Published online Sep 26, 2023. doi: 10.12998/wjcc.v11.i27.6565
Peer-review started: June 6, 2023
First decision: August 4, 2023
Revised: August 11, 2023
Accepted: August 25, 2023
Article in press: August 25, 2023
Published online: September 26, 2023
Processing time: 103 Days and 7.7 Hours
With the withdrawal of paraquat from the market, diquat is widely used, so the treatment of diquat poisoning has become one of the focuses of emergency poisoning diagnosis and treatment.
We studied the case of a 17-year-old male patient who drank 200 mL (20 g/100 mL) of diquat solution two hours before arriving at the hospital. Despite the use of treatments such as gastric lavage, hemoperfusion, continuous hemodialysis, glucocorticoids, and organ support, the patient’s condition rapidly progressed to multiorgan failure, and he died 23.5 h after admission.
We summarized the clinical characteristics and treatment strategies of diquat poisoning through this case and performed a literature review to provide a basis and direction for clinical treatment.

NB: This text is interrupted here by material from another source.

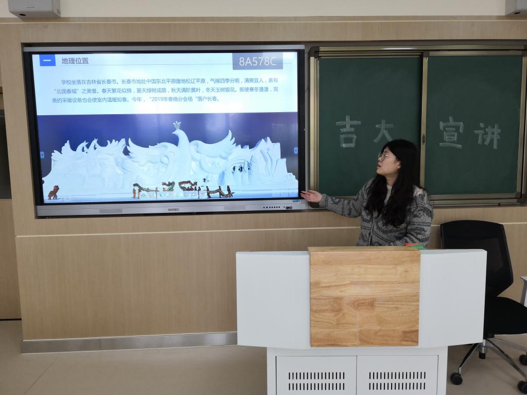上午10:00,在完成了准备工作后,宣讲会正式开始。在简短的自我介绍后,宣讲人袁凡清概括了本次宣讲的内容,主要包括吉大简介、吉大校友、人才培养、国际合作、就业升学以及招生信息等方面。随后宣讲人袁凡清简述了吉林大学悠久的历史、得天独厚的地理位置以及香港六合彩开奖号码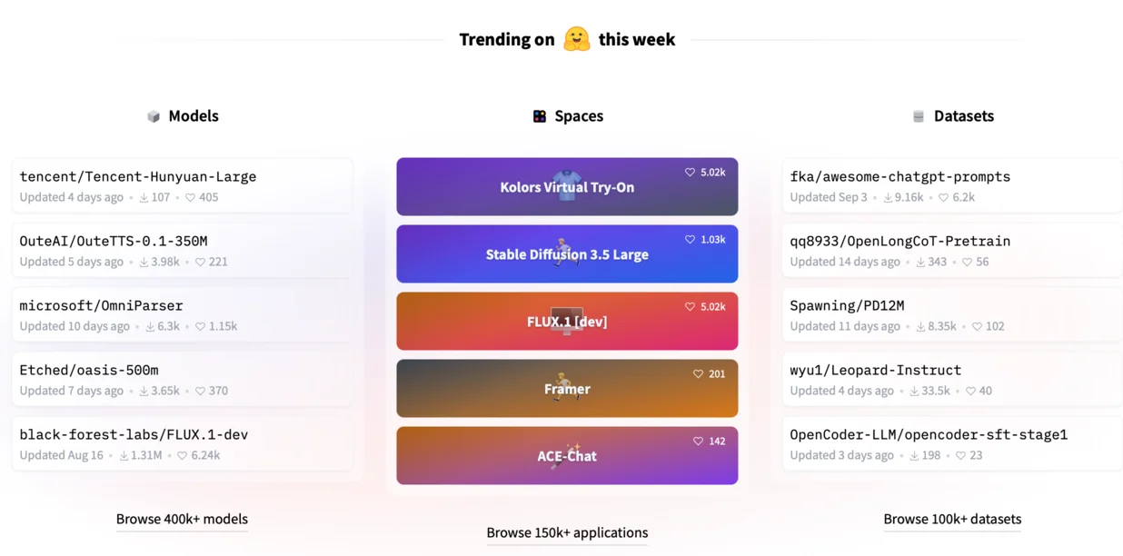Библиотека готовых ИИ-моделей и инструментов их кастомизации. Модели подходят для анализа текстов, создания чат-ботов, автоматизации общения с клиентами и анализа отзывов. Среди них есть даже нейросеть для виртуальной примерки одежды на фото. HuggingFace позволяет интегрировать их через API и исходный код в веб-приложения, чат-боты, рекомендательные системы и другие проекты.

Core Tip: The clinical manifestations of diquat poisoning are mainly local mucosal injury and multiple organ damage. The earlier organ function damage occurs, and the more systems are involved, the poorer the prognosis is. In addition, the prognosis of patients is significantly correlated with the poisoning dose, and fulminant poisoning has a high mortality rate. In the treatment of patients, early and adequate removal of toxins is the focus of treatment, and comprehensive and systematic organ function evaluation and support is also an important part of treatment.